I was surprised to find a patent application US20130145796 where the ribbon is cut between the annealing (550°C)  and the end of the structural relaxation point (450°C). The cutting can be transverse and longitudinal on the cellular glass ribbon. A saw, cutting wheel and knife are suggested.

But why cutting hot? Float glass people are familiar with the famous longitudinal flaw in the ribbon. Regular cutting will stop this flaw in time. Longitudinal cutting reduces the width of the ribbon and in that way, the area stress on the ribbon. In fact, larger temperature deviations are allowed in the lehr without inducing breakage. On the other hand, skilled lehr builder like CNUD-EFCO are able to work within very small temperature deviations.

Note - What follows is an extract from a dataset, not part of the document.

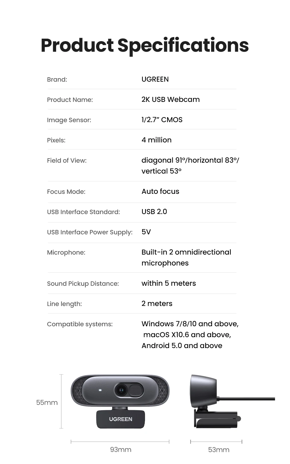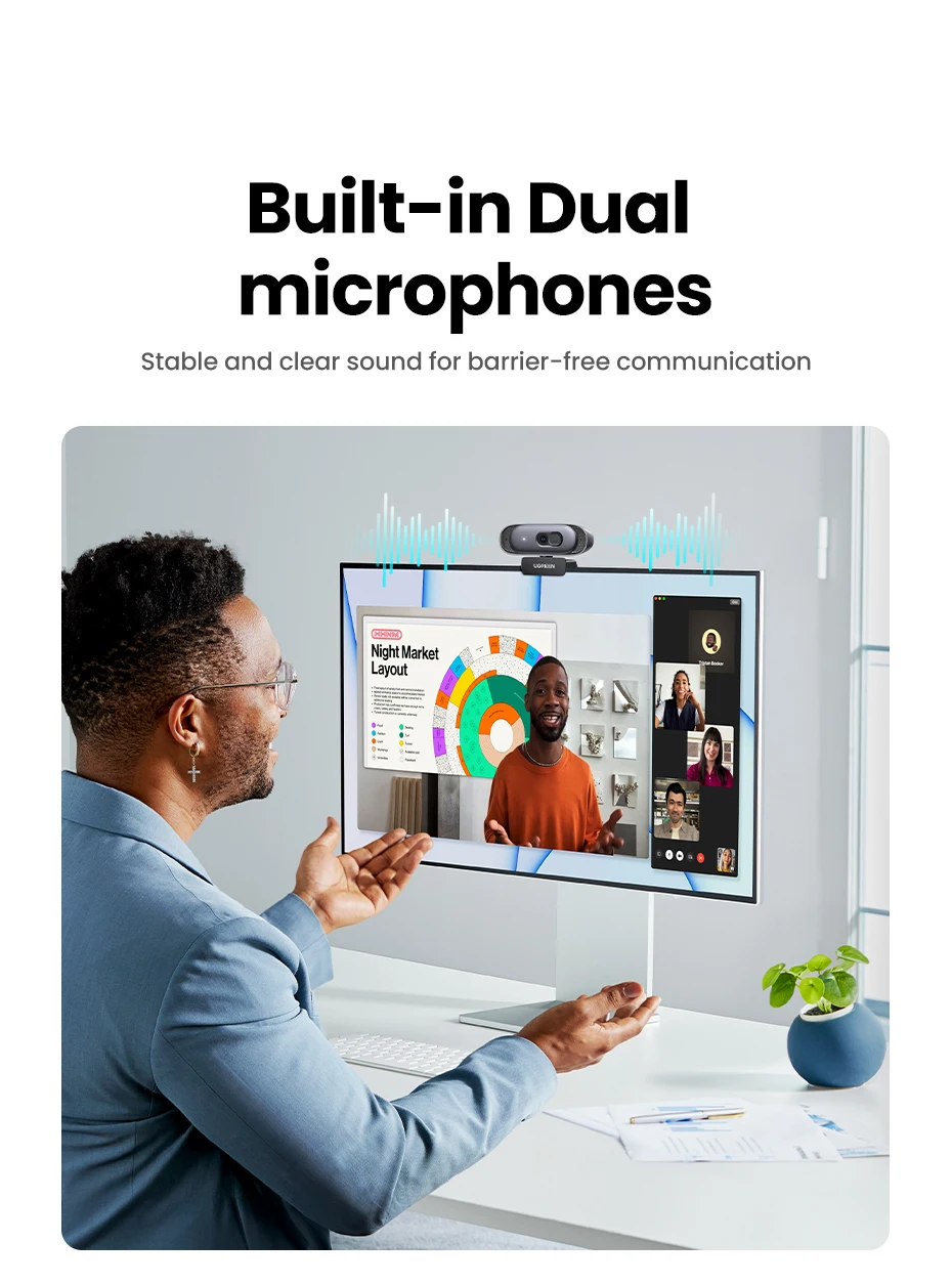 【RU】UGREEN USB 2K HD Mini For WebDual Microphones for Youtube Zoom Video Calling 2K USB

But there is also an important other reason to work in this way. It allows to anneal the ribbon vertically, reducing enormously the length of the lehr. In this case, an hollow glass lehr is the obvious choice.

Kinetic energy absorption by cellular glass in the Formule 1 racing world

logo_smallMay 1, is the day we all think on the tragedy of this very skilled and friendly F1 driver Ayrton Senna. And that is probably the reason kinetic energy absorption crossed my mind in my previous post, although the idea was already published in a US2981317 patent about safety seats in 1961. In this post, I want to show my point with real numbers with a calculation in an Excel spreadsheet.

The following example could be tested. I assume a car at 300 km/h and a total weight of 1000 kg. I guess that this car hits a cellular glass wall and a cross section of 2 by 0.2 is really hitting the cellular glass wall. The used cellular glass has a compressive strength of 3 N/mm². The car will stop completely after crushing 3 m cellular glass and the deceleration will be about 250 g. A Head Injury Criterion (HIC) of 250 g should be the limit for concussions. An internal recoil of the brains will not be present because the cellular glass is entirely non-elastic, the kinetic energy is converted in breakage energy for the cellular glass.

Cellular glass, produced from only recycled glass (without remelting) by for example GLAPOR can be used for this application, costing less than 450 € for one running meter. The cellular glass is non combustible, can always be recycled and is water proof. Having an idea is always easy but only the F1 organization can bring it into real life. Bernie, please wake up.